AniClipart: Clipart Animation with Text-to-Video Priors

Ronghuan Wu,Wanchao Su,Kede Ma,Jing Liao
2024-04-19
Abstract:Clipart, a pre-made graphic art form, offers a convenient and efficient way of illustrating visual content. Traditional workflows to convert static clipart images into motion sequences are laborious and time-consuming, involving numerous intricate steps like rigging, key animation and in-betweening. Recent advancements in text-to-video generation hold great potential in resolving this problem. Nevertheless, direct application of text-to-video generation models often struggles to retain the visual identity of clipart images or generate cartoon-style motions, resulting in unsatisfactory animation outcomes. In this paper, we introduce AniClipart, a system that transforms static clipart images into high-quality motion sequences guided by text-to-video priors. To generate cartoon-style and smooth motion, we first define Bézier curves over keypoints of the clipart image as a form of motion regularization. We then align the motion trajectories of the keypoints with the provided text prompt by optimizing the Video Score Distillation Sampling (VSDS) loss, which encodes adequate knowledge of natural motion within a pretrained text-to-video diffusion model. With a differentiable As-Rigid-As-Possible shape deformation algorithm, our method can be end-to-end optimized while maintaining deformation rigidity. Experimental results show that the proposed AniClipart consistently outperforms existing image-to-video generation models, in terms of text-video alignment, visual identity preservation, and motion consistency. Furthermore, we showcase the versatility of AniClipart by adapting it to generate a broader array of animation formats, such as layered animation, which allows topological changes.

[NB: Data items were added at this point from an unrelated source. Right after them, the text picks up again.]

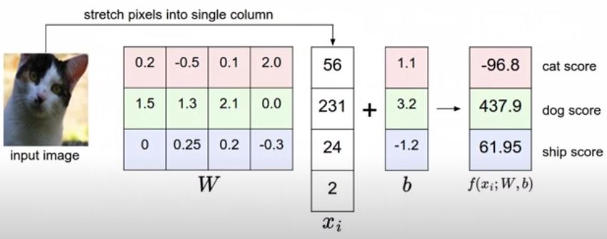 - 처음으로 행렬을 쭉 편다. -> 이미지는 [3072x1]이 된다.
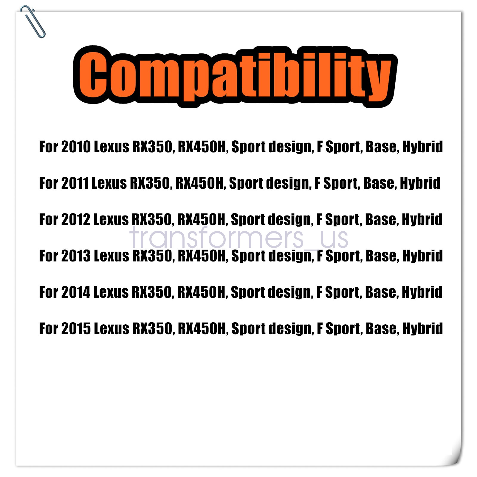 2010 Lexus RX350, RX450H, Sport design, F Sport, Base, Hybrid, Gas, 2WD, AWD.
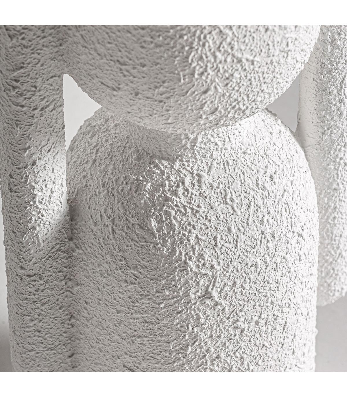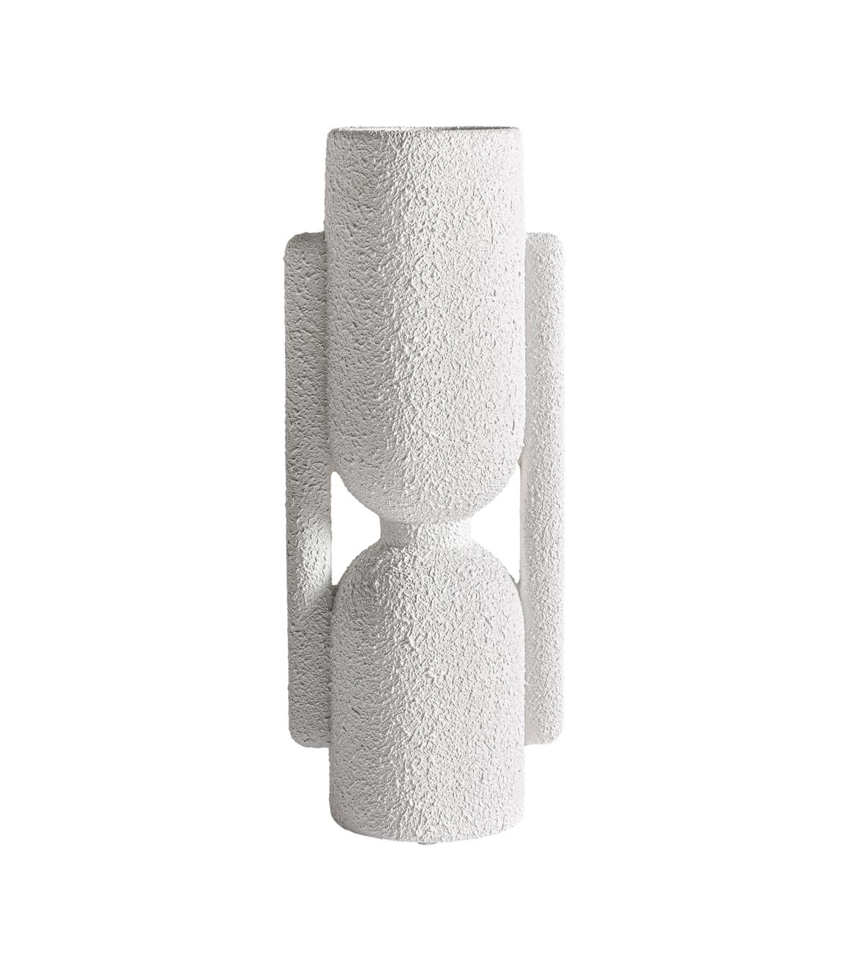 Jarrón gissel de estilo art deco fabricado en cerámica en color blanco con acabado rugoso.
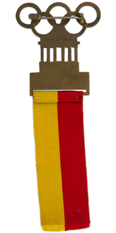 Press ribbon issued for the 1936 Berlin Summer Olympics, bronze, 43 mm x 114 mm, manufactured by Lauer, featuring the Olympics rings over the Brandenburg Gate. The front is engraved 'XI Olympiade Berlin 1936, Presse' With original red and yellow ribbon.

Computer Vision and Pattern Recognition,Graphics
What problem does this paper attempt to address?
The problem addressed in this paper is how to effectively transform static clipart into high-quality animation sequences while preserving visual recognition and frame-to-frame consistency, especially when text prompts guide the animation generation. To solve this problem, the paper introduces the AniClipart system, which utilizes a pre-trained text-to-video diffusion model to guide the generation of animated images from static clipart while addressing the limitations of existing models in preserving clipart style and motion simplicity. The specific methods include: 1. Defining Bezier curves on key points of clipart images as smooth motion paths. 2. Aligning the motion trajectories of key points with text prompts by optimizing the Video Score Distillation Sampling (VSDS) loss function to extract natural motion knowledge. 3. Using a differentiable As-Rigid-As-Possible (ARAP) shape deformation algorithm to maintain shape rigidity during an end-to-end optimization process while updating key point positions to avoid pixel-level distortion and preserve visual recognition. Experimental results demonstrate that AniClipart outperforms existing image-to-video generation models in text-video alignment, visual identity preservation, and motion consistency. It is also capable of adapting to various animation formats, such as layered animations with topological changes.